Provided data START

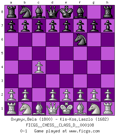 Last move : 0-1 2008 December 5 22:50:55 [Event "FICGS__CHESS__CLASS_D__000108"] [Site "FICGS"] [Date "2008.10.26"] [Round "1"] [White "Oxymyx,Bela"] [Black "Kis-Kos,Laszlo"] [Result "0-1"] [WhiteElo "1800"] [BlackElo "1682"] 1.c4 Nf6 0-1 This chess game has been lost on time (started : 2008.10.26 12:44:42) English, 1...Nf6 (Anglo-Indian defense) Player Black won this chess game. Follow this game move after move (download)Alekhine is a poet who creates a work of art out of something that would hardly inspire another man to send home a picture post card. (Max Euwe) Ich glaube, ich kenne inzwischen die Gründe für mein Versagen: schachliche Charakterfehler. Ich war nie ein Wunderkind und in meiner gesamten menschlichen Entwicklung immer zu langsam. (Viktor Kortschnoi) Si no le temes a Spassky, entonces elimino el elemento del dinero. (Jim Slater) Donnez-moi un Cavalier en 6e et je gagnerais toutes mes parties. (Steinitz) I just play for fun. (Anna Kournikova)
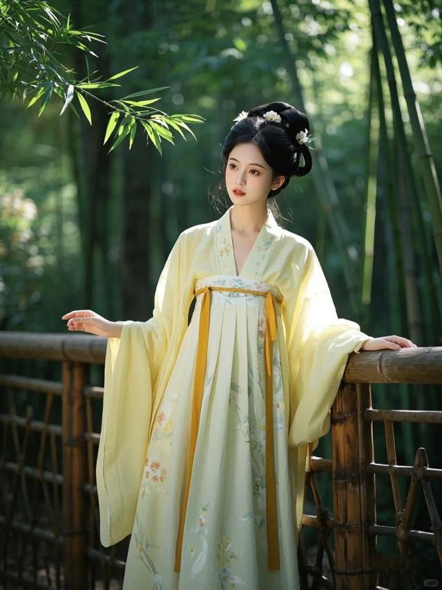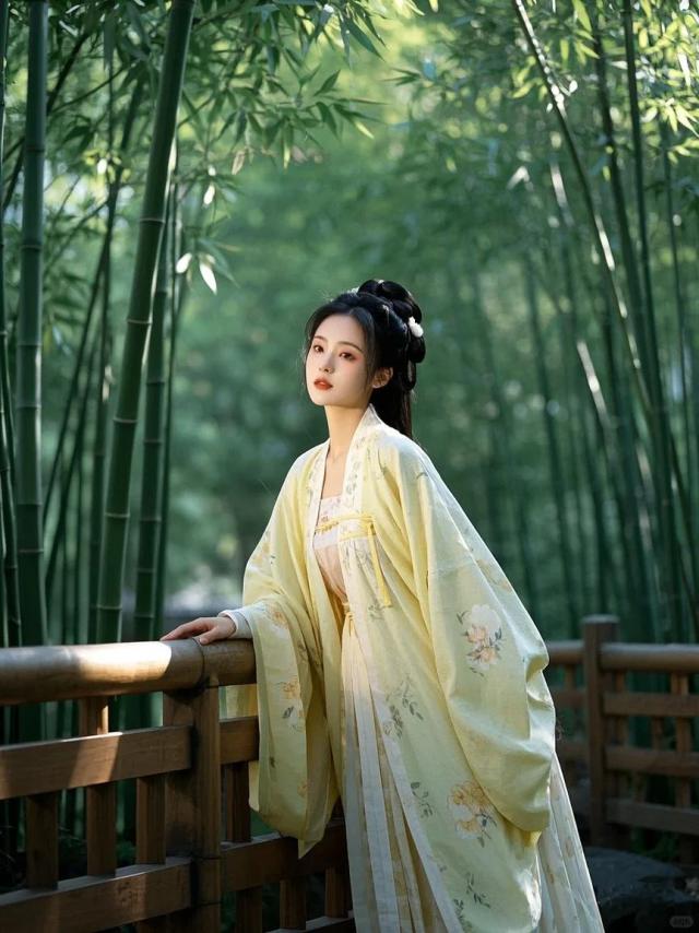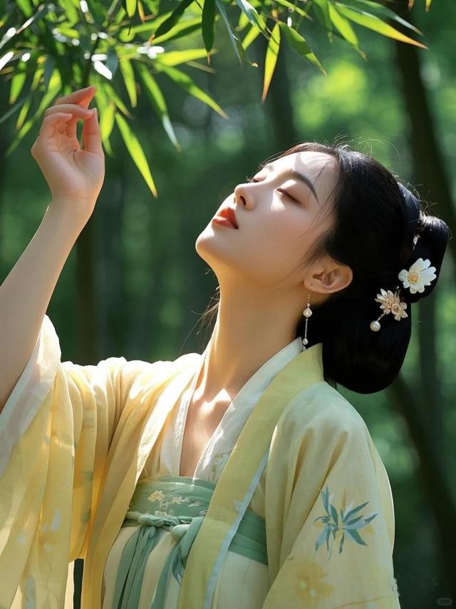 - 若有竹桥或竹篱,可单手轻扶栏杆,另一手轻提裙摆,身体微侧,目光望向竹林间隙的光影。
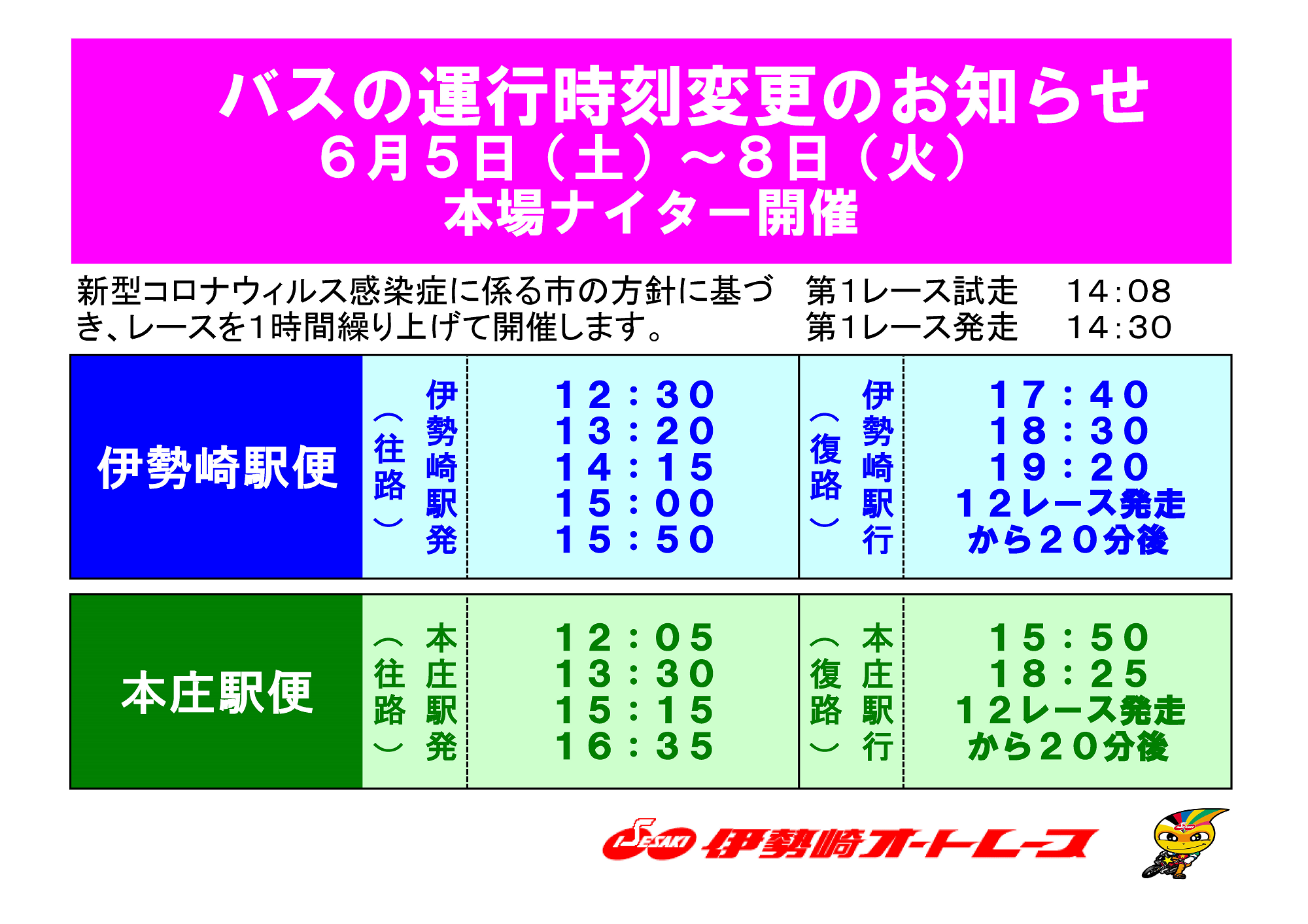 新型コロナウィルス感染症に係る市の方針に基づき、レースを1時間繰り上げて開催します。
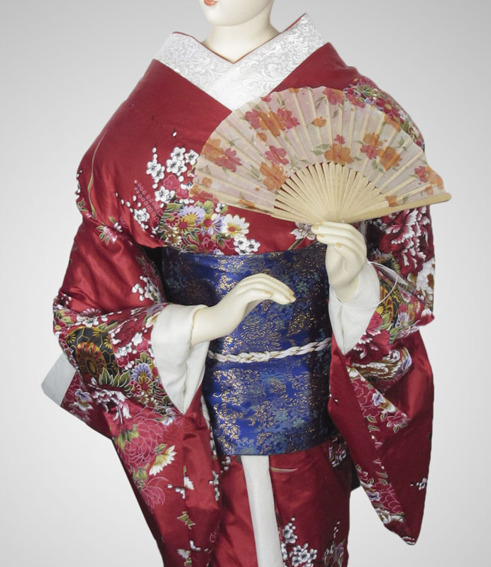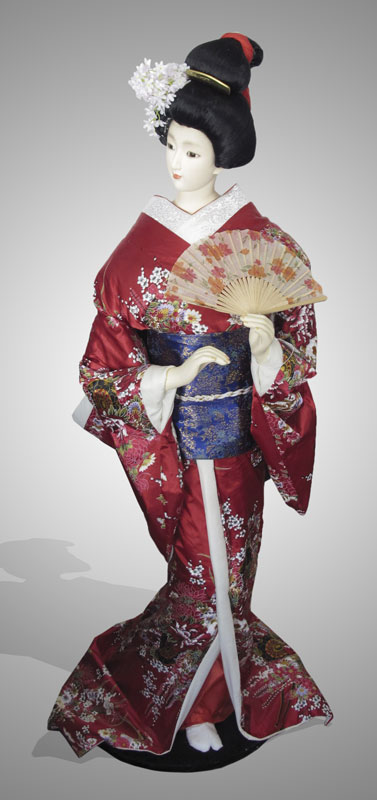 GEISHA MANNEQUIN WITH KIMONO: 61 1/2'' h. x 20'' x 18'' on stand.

Provided data END

▸ **The problem**: Reproduce, exactly and with no pictures, the lines from the line containing "新型コロナウィルス感染症に係" through the closing line of the data above, keeping both ends.

▸ **Solution for this exercise**:
 新型コロナウィルス感染症に係る市の方針に基づき、レースを1時間繰り上げて開催します。
 GEISHA MANNEQUIN WITH KIMONO: 61 1/2'' h. x 20'' x 18'' on stand.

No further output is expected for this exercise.